Aerial view of campus with Williamsport, the Susquehanna River and Bald Eagle Mountain as a backdrop

Lycoming College receives generous gift for archaeology program

Lycoming College has received a generous gift to establish The William G. Dever Endowed Fund in Archaeology. The donor, who has chosen to remain anonymous, established the fund in recognition of Dever and his extraordinary contributions to the field of archaeology. Dever is currently a distinguished visiting professor of archaeology at Lycoming College.

“The College has identified the archaeology program as a strategic point of distinction in which we plan to invest over the next several years,” said President Kent Trachte. “This gift will allow the College to create even greater excellence in its archaeology program. We are very grateful to the donor.”
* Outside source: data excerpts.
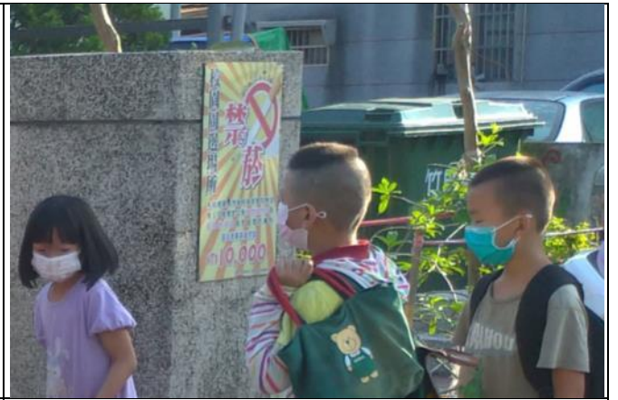
說明：於校門顯眼處張貼禁菸標誌。
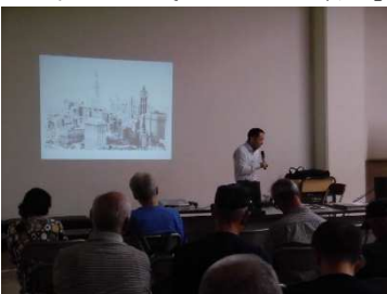
10月10日 「ジャズレコードを楽しもう」
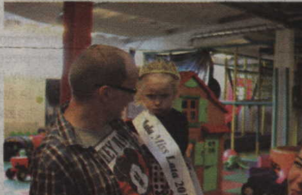
Ola najlepiej czuła się w ramionach taty.
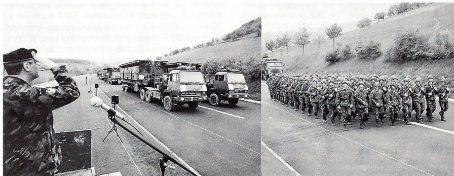
Oberst Brugger grüsst «seine» Genie-RS 56/96.

Emmen. (sda). Der Rüstungschef lud die Medien gestern zur Besichtigung der Endmontage bei der SF Schweizerische Unternehmung für Flugzeuge
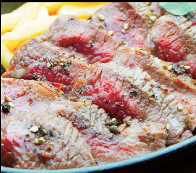
新得トムラウシ・ジャージー牛の鉄板ステーキ 通常価格 1280円 ▶ 20%OFF!! 1024円
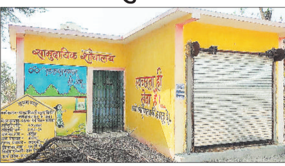
शौचालय में लगा ताला।

लाखों खर्च करने के बाद भी सामुदायिक शौचालय में ताला बंद है, वहीं इसके साथ ही बनाए गए दुकान की नीलामी भी नहीं की गई है, इसके कारण सामुदायिक शौचालय सह दुकान पंचायतों में शो पीस बनकर खड़ी है। बंद पड़े सामुदायिक शौचालय को चालू
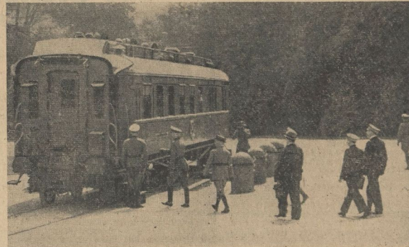
Der Wagen des Marschalls Foch im Wald von Compiègne, in der die Uebergabe der Waffenstillstandsbedingungen erfolgte. Eben begeben sich die französischen Unterhändler, General Huntzinger an der Spitze, in den Wagen
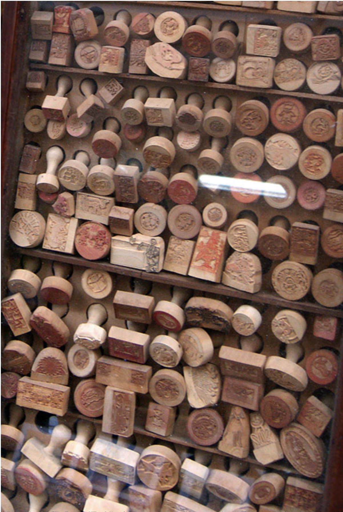
Khi đi cùng là 2B phố Thủ công cũ truyền còn tồn tại rải rác trong các phố cổ Hà Nội cũng có
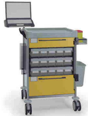
1813 Y 112M6 Y.27.32R.46.50
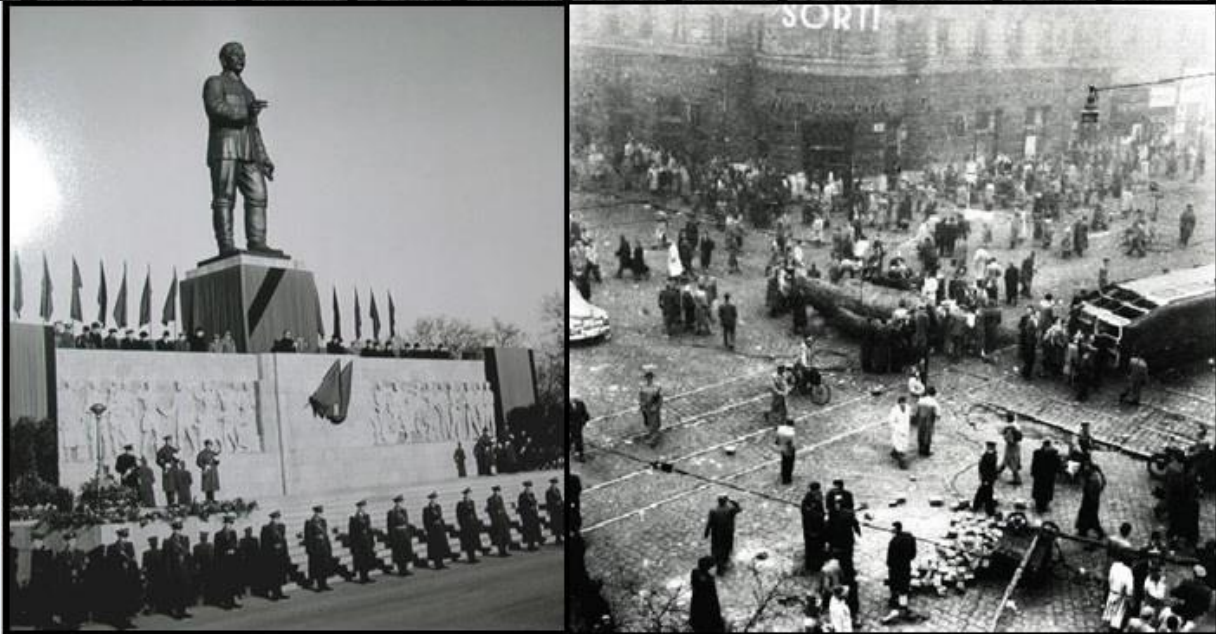
A Sztáin szobor fénykorában és ledöntve 1956 -ban

A Bródi Sándor utcában található rádió azért volt a forradalmárok fontos célpontja, mert a 16 pont közzé tétele szempontjából kulcskérdés lett elfoglalása. A rádiónál a katonák egy része váratlanul átállt, így először úgy tűnt áldozatok nélkül is megszerezhető lesz az épület. Ám ekkor az ÁVH emberei az ablakokból tüzet nyitottak a forradalmárokra, és így a szabadságharc később hosszúra nyúló áldozati listáján megjelentek az első hősi halottak nevei. Az épület mindezek ellenére hajnalra az ostromlók kezébe került, majd a rádiót átköltöztették a Parlamentbe. Az események fontos fordulóponthoz közeledtek, mert a Szovjetunió - a kétpólusú világrend egyik szuperhatalma - és a kelet-európai térség valódi ura megelégette a magyarországi folyamatokat! Lényeges és sorsfordító változásokra készült, melyek már túlmutattak határainkon és - bár ezt akkor még senki nem tudhatta - világpolitikai jelentőségű történések gyújtópontjaivá vált Magyarország. A további események meghatározó kulcsfigurája Nyikita Szergejevics Hruscsov, a donyecki szénbányászból pártvezérré vált ukrán kommunista lett, aki Sztálin halála, vagyis 1953 óta vezette a Szovjetuniót (és ezzel az egész kelet-európai térséget).

The William G. Dever Endowed Fund in Archaeology will provide broad support for the archaeology program at Lycoming College. This will include new investment in the on-campus program as well as helping to fund field digs in which Lycoming College students participate.

“We are very pleased to receive this generous gift honoring Dr. William Dever,” said Philip Sprunger, provost and dean of the College. “It will enhance our archaeology program and provide even greater international and experiential learning opportunities to our archaeology students.”

Dever is an American archaeologist who specializes in the history of Israel and the Near East in Biblical times. A recipient of the prestigious Guggenheim Fellowship for the Humanities, U.S. and Canada, Dever is world renowned for his scholarship, writings and archaeological work related to the historicity of the Bible and the Near East more broadly and a regular contributor to documentaries and public television productions related to his research and expertise.

Dr. Dever did his undergraduate work at Milligan College and received his Ph.D. from Harvard University. He served as director of the Albright Institute of Archaeological Research from 1971-75 and professor of Near Eastern Archaeology and Anthropology at the University of Arizona in Tucson from 1975 to 2002.